Kidney stones are hard deposits that can form in your kidneys, two bean-shaped organs in your upper abdomen, each about the size of your fist, that make up part of the upper urinary tract. Your kidneys are responsible for filtering waste products and excess water from the bloodstream to form urine. Kidney stones are made from different minerals and salts.

The four types of kidney stones are:

  1. Calcium stones, 80% of stones. Calcium stones may be made of calcium oxalate or calcium phosphate, with calcium accounting for a large majority.
  2. Uric acid stones, 5% to 10% of stones. Uric acid is a waste product that comes from chemical changes in the body. Uric acid crystals do not dissolve well in acidic urine and instead will form a uric acid stone.
  3. Struvite stones, 10% of stones. These are related to chronic urinary tract infections (UTIs). Some bacteria make the urine less acidic, which allows these stones to grow.
  4. Cystine stones, less than 1% of stones. Cystinuria (too much cystine in the urine) is a rare, inherited metabolic disorder. The kidneys do not reabsorb cystine from the urine in people who have this. When high amounts of cystine are in the urine, it causes stones to form.

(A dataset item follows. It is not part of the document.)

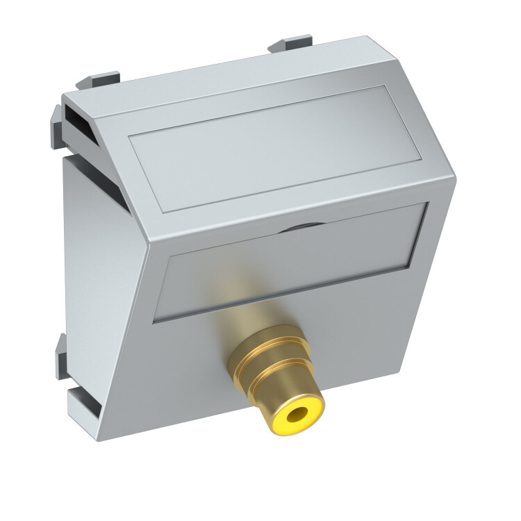 Корпус с разъемом тюльпан для Composite Video, наклонный кабельный вывод, с полем для надписи, гнездо тюльпан (RCA) с подключением пайкой, цветовая кодировка желтая.Суппорт с растровым креплением подходит для горизонтального и вертикального монтажа.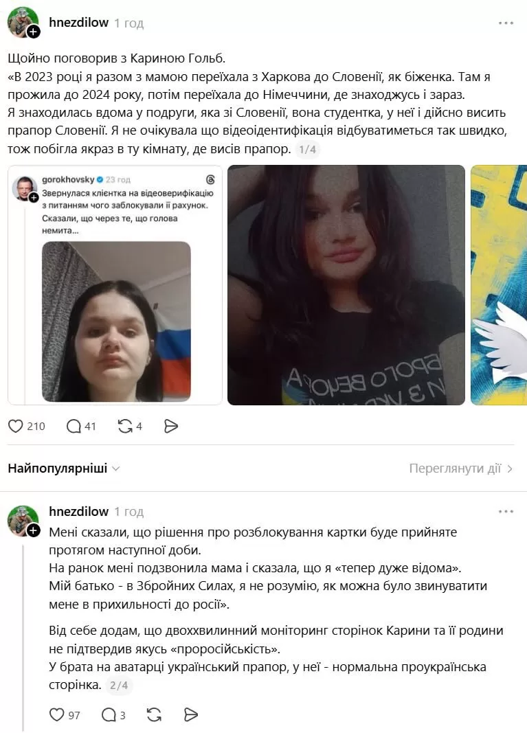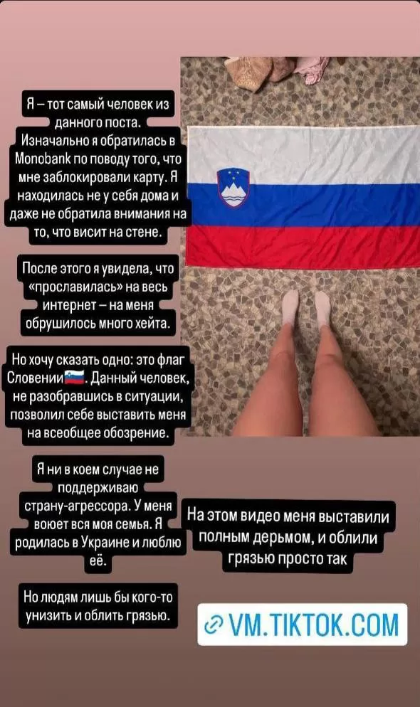 Нагадаємо, скандал стався після того, як співзасновник monobank Олег Гороховський опублікував у мережі фото користувачки банку та звинуватив її у проросійських поглядах. Причиною став прапор, який висів за її спиною і який, на думку Гороховського та працівників банку, є прапором Росії. Сама ж дівчина заявила, що це був прапор Словенії.

Is it important to know what type of stone I have?

Marks explained that knowing the composition of the stone is important for managing treatment and prevention. “However,” he continued, “this does not necessarily tell you how you made it.”

So successful kidney stone treatment and prevention isn’t just about determining a stone’s composition; it also involves diving into a person’s medical and lifestyle history to examine what is causing the formation of the stone.

“There's usually some sort of metabolic inborn error, along with other medical problems, and lifestyles that will contribute to the formation of stone disease,” Marks said. “So getting to the root cause is important.”

And that’s where Marks and other Novant Health urologists come in. They can run tests to help determine the root cause of the stone formation, which is important to ensure one kidney stone doesn’t become many over time.

“We’ll come up with a treatment plan that will manage that and help prevent future stone episodes. That's the goal,” Marks said.